Risk-adjusted: V2 wins, then V1. Baseline pays for its higher volume with the worst drawdown in the field (−38 %, vs V1's −20 % and V2's −21 %) and the lowest Sharpe (0.543). V2 captures most of Baseline's compounding (CAGR 6.80 % vs 7.50 %) with about half the drawdown — Sharpe 0.617 is the best of the five. V1 is close behind at 0.609 with the tightest drawdown (−20.4 %). V3 lands at Baseline's Sharpe but with a noticeably worse drawdown than V2/V4.

Cash utilization tells the story. Baseline's 6,573 no-cash skips (42 % of candidates!) show capital is constantly fully deployed — buying every $500 slot it can. V2 skips only 1,272 (17 %), V4 skips just 511 (11 %). The variant detectors send fewer candidates so cash sits idle more often; that idle cash is the drag against Baseline on absolute return, but it's also the buffer that produces the smaller drawdowns.
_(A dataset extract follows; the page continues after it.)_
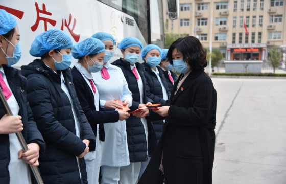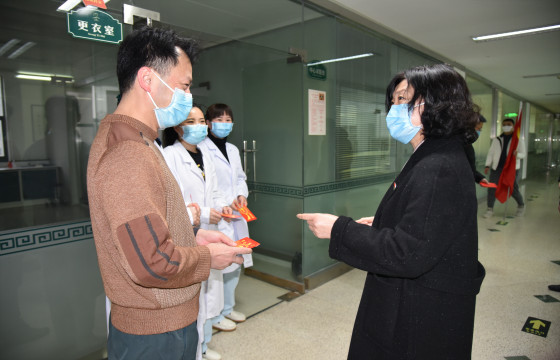“大家辛苦了,等疫情防控结束,我们领导班子再为大家庆功……”从外出下乡采血的体采科、机采科,到成分科、检验科、供血科、质管科,赵书记一行领导向大家在疫情防控期间默默地坚守和艰辛的付出努力给予了充分肯定,并送上诚挚地感谢和专项党费慰问金,鼓励大家继续保持战时状态,切实担负起全市临床供血的责任和使命,从严从细从实做好疫情防控和采供血工作,齐心合力打赢疫情防控阻击战。

Year-by-year, the ranking flips repeatedly. In 2008 the order was V4 > V2 > V3 > V1 > Baseline — the variants survived the crash with less capital deployed in falling stocks. By 2012, V1 led the field (+45 % vs Baseline +14 %). V2 had the lead from 2016 through 2020 (stronger pole-quality screen helped through choppy mid-2010s). The 2021–2024 bull rotated Baseline back to the front as raw count mattered more than per-trade quality. V3 has trailed V1 for most of the run and never recovered the early 2009 drawdown gap. V4 has trailed throughout, consistent with the Phase 11a-3 finding that flagpole.max = 2 trims too aggressively.

Win rate alone is not the discriminator. All five scenarios sit between 43.7 % and 45.4 % — a 1.7 pp spread. V4 has the highest win rate but the lowest CAGR, because its trades pay less per win (consistent with §6 of the Phase 11a-3 report: V4's 30-day endpoint mean is the only one below baseline). The lever moving the equity curve here is trade count × average profit, not win-rate.

The decision the numbers frame is whether to optimise for absolute compounding (Baseline) or for risk-adjusted compounding (V2). V2 gives up ~$4.7k in final equity over 19 years (~$250/year) in exchange for cutting peak-to-trough drawdown nearly in half. El Don decides.

Artifacts under ab_test/: backtest.py, plot_backtest.py, backtest.log, backtest_summary.json, backtest_eoy.csv, plus backtest_trades_<scenario>.parquet and backtest_equity_<scenario>.parquet for all 5 scenarios.

Chart: charts/pennant_strategy_backtest_equity_curves_2026-05-11.png (300 dpi).